▸ What the task asks
The lines in the listing below are to be given again exactly, starting at the line holding "The Government Information" and ending at the line holding "Triple 90's for". Do not include pictures.

━━━━

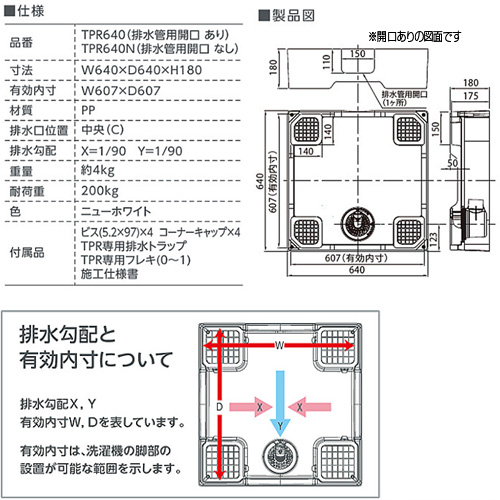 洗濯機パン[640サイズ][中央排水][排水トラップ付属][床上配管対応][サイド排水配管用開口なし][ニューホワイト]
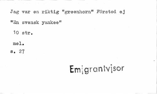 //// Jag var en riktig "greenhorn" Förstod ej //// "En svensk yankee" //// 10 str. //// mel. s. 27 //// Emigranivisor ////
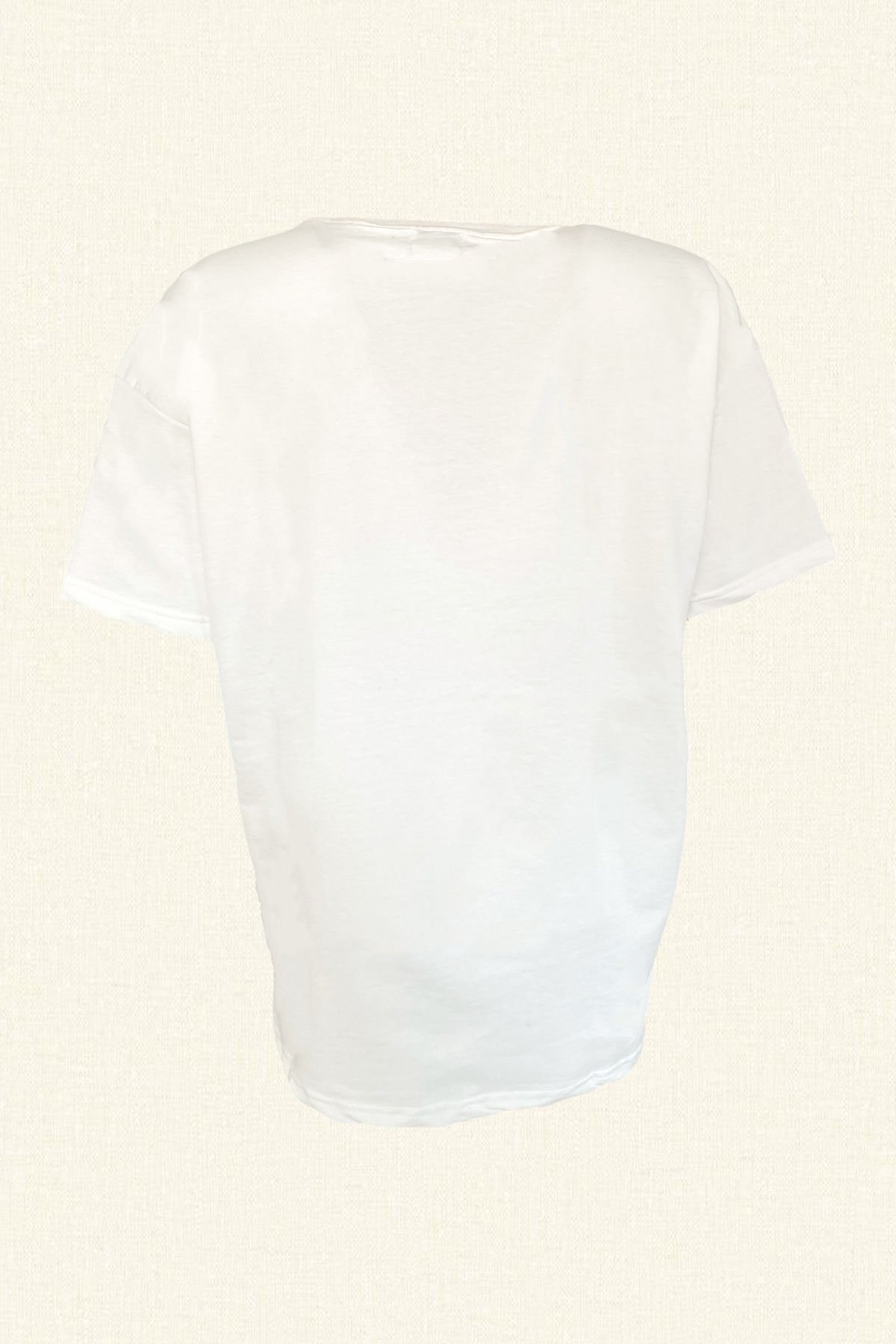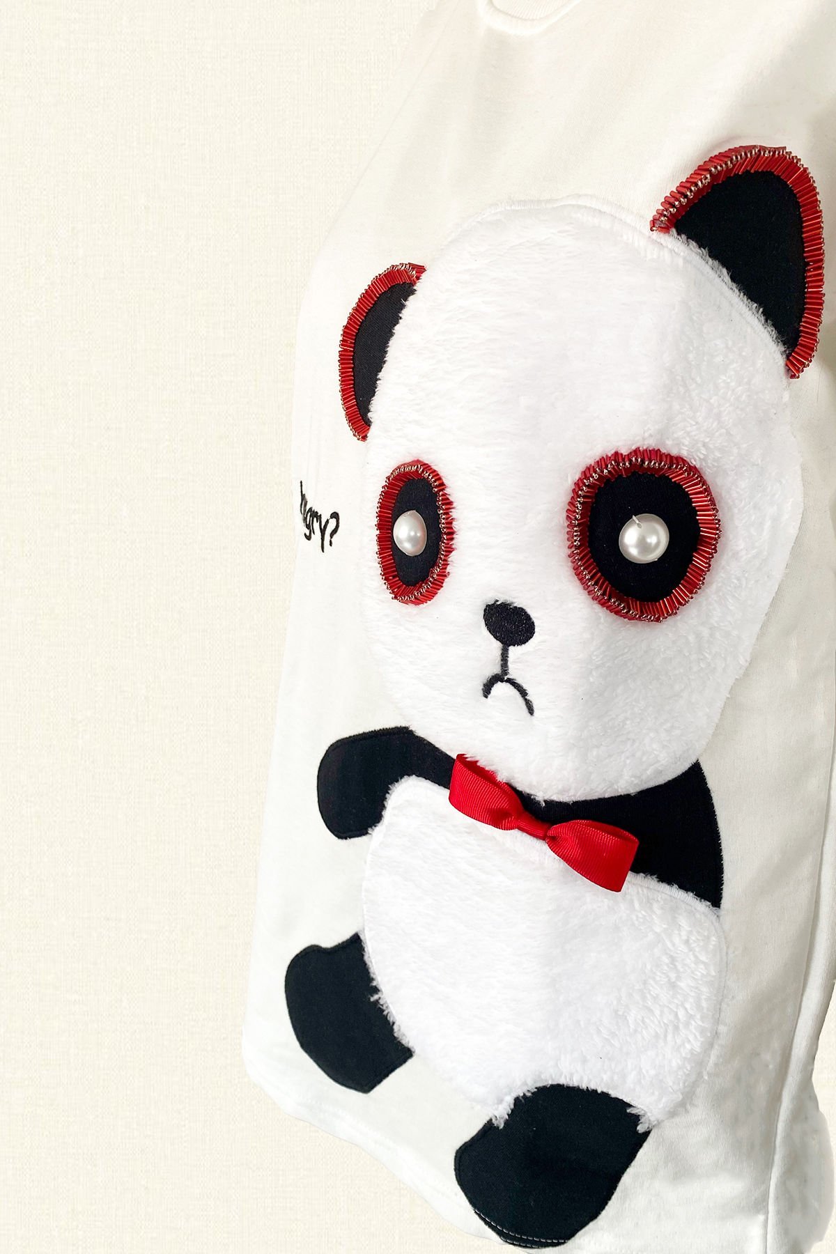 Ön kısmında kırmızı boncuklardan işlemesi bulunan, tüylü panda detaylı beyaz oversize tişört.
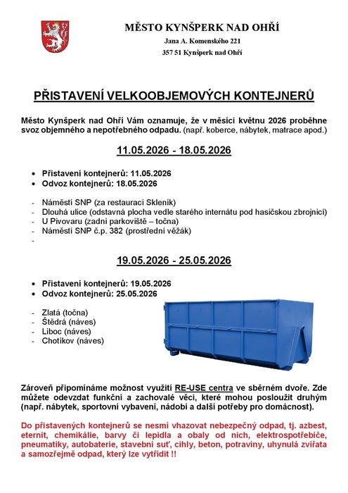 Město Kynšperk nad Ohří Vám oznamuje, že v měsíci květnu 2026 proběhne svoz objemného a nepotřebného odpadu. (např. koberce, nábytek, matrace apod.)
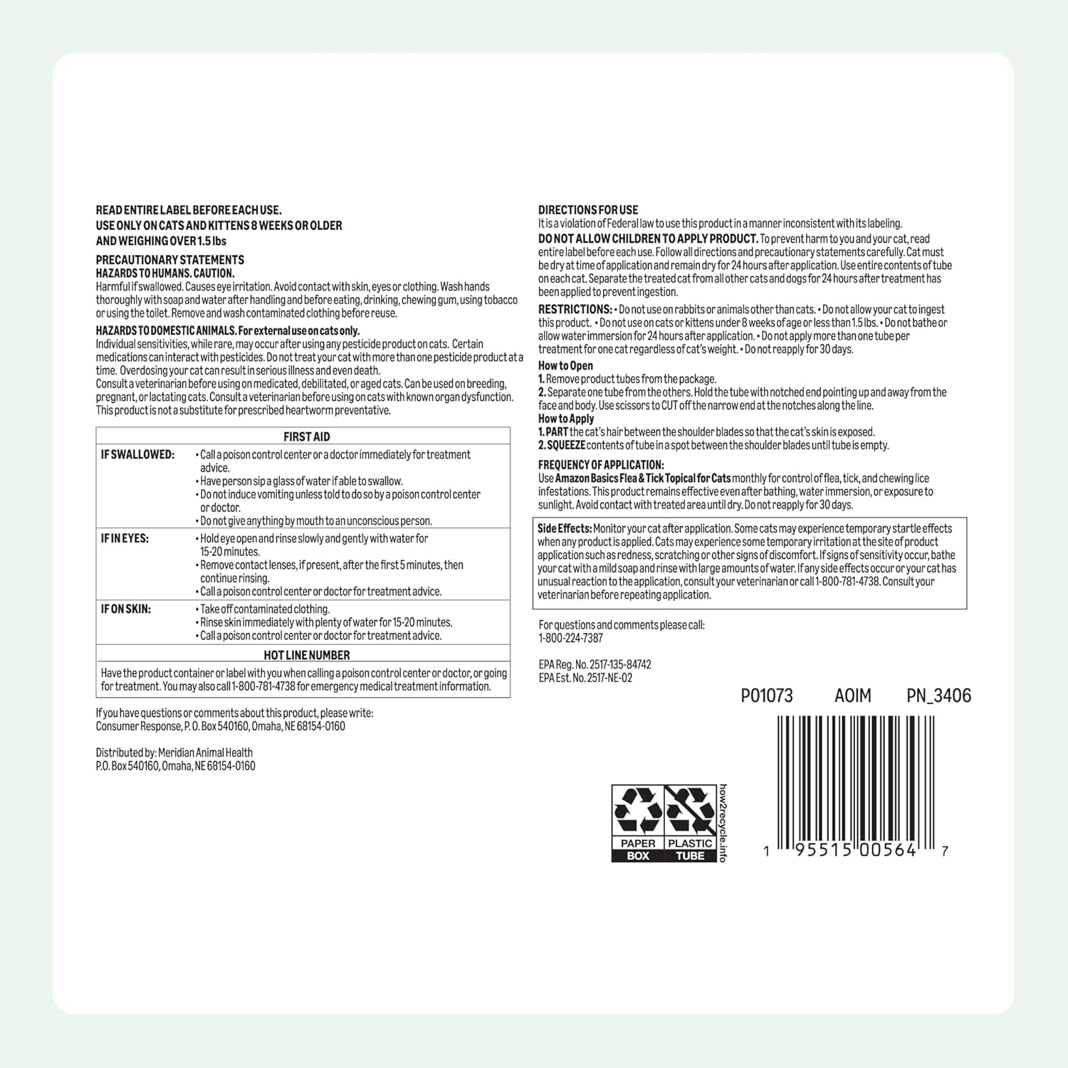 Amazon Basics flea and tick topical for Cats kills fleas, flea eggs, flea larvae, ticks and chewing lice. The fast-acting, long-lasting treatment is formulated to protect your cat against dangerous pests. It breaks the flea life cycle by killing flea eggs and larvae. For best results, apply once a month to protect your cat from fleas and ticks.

━━━━

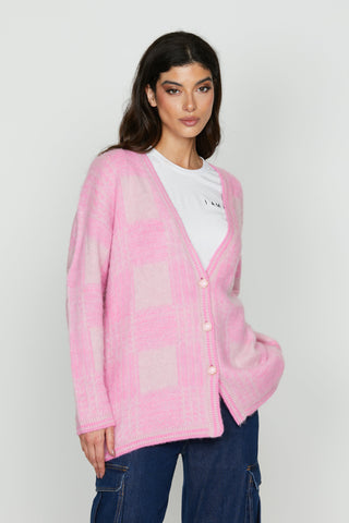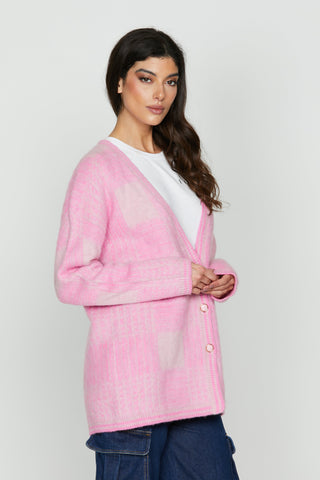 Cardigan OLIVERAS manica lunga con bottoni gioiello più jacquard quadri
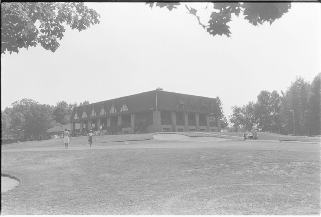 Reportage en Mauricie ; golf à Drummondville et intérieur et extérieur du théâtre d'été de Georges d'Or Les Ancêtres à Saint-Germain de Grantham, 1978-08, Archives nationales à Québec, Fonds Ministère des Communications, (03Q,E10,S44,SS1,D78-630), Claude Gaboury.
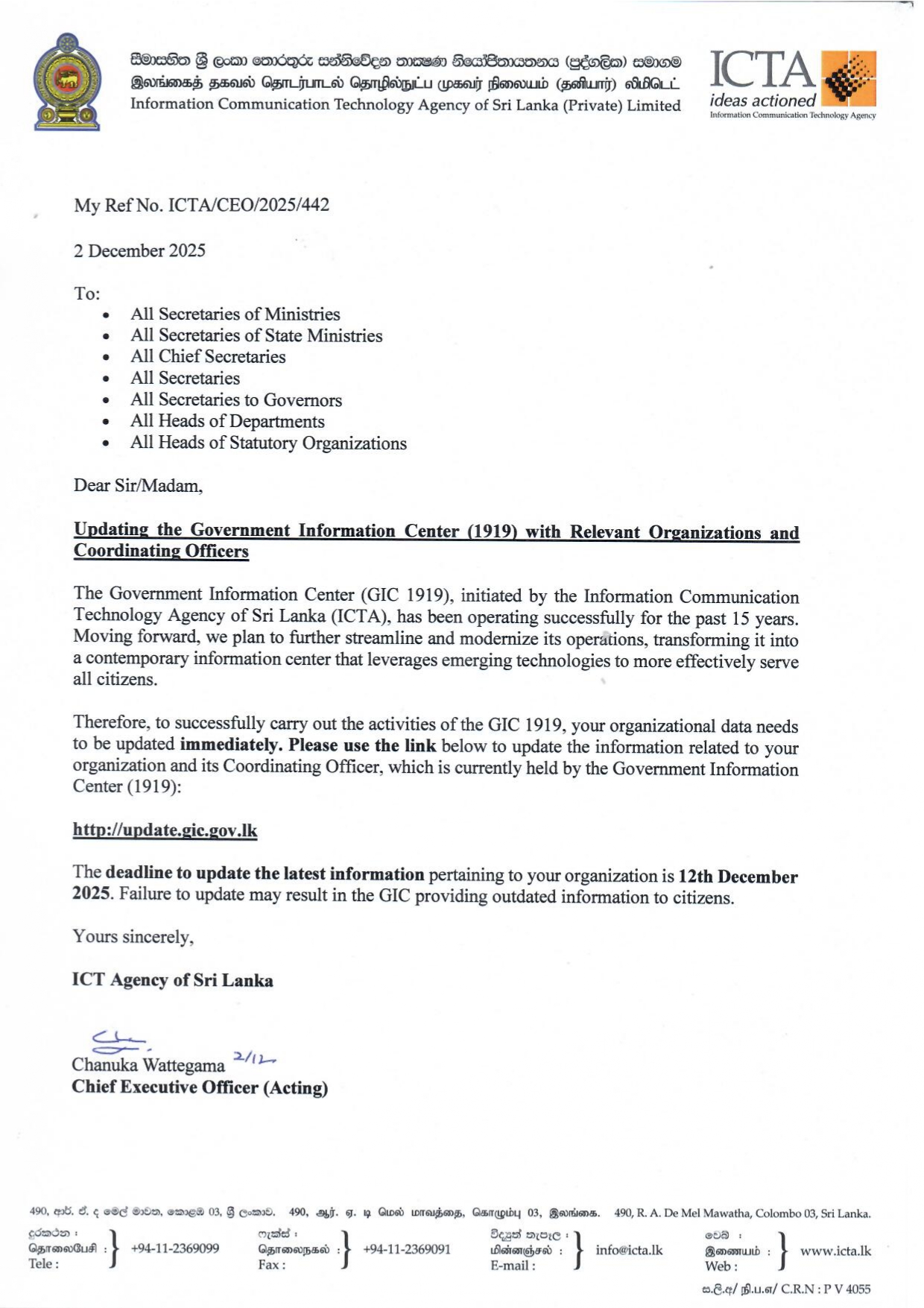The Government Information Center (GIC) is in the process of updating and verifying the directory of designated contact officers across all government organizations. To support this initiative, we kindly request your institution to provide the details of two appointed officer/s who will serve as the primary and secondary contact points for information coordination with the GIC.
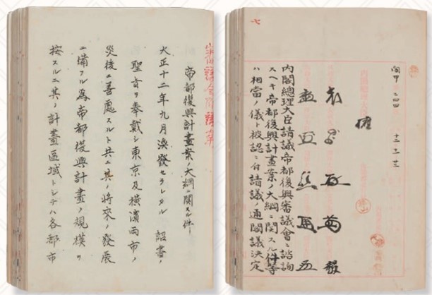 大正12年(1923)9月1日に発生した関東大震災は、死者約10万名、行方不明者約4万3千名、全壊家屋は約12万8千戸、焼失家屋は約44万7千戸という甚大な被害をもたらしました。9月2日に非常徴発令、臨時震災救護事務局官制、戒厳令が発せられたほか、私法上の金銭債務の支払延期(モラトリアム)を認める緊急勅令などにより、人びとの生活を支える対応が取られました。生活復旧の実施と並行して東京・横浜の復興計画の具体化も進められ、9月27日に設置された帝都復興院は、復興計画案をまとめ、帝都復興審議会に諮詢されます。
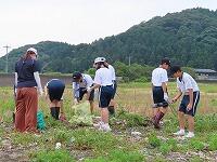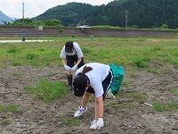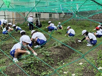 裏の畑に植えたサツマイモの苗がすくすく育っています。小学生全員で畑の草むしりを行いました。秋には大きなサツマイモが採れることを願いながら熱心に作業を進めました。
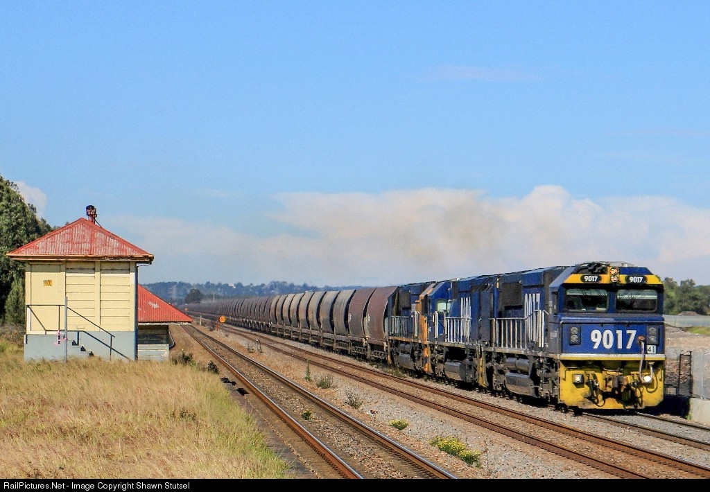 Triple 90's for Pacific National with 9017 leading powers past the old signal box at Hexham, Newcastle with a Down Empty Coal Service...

━━━━

▸ Answer space
The Government Information Center (GIC) is in the process of updating and verifying the directory of designated contact officers across all government organizations. To support this initiative, we kindly request your institution to provide the details of two appointed officer/s who will serve as the primary and secondary contact points for information coordination with the GIC.
 大正12年(1923)9月1日に発生した関東大震災は、死者約10万名、行方不明者約4万3千名、全壊家屋は約12万8千戸、焼失家屋は約44万7千戸という甚大な被害をもたらしました。9月2日に非常徴発令、臨時震災救護事務局官制、戒厳令が発せられたほか、私法上の金銭債務の支払延期(モラトリアム)を認める緊急勅令などにより、人びとの生活を支える対応が取られました。生活復旧の実施と並行して東京・横浜の復興計画の具体化も進められ、9月27日に設置された帝都復興院は、復興計画案をまとめ、帝都復興審議会に諮詢されます。
 裏の畑に植えたサツマイモの苗がすくすく育っています。小学生全員で畑の草むしりを行いました。秋には大きなサツマイモが採れることを願いながら熱心に作業を進めました。
 Triple 90's for Pacific National with 9017 leading powers past the old signal box at Hexham, Newcastle with a Down Empty Coal Service...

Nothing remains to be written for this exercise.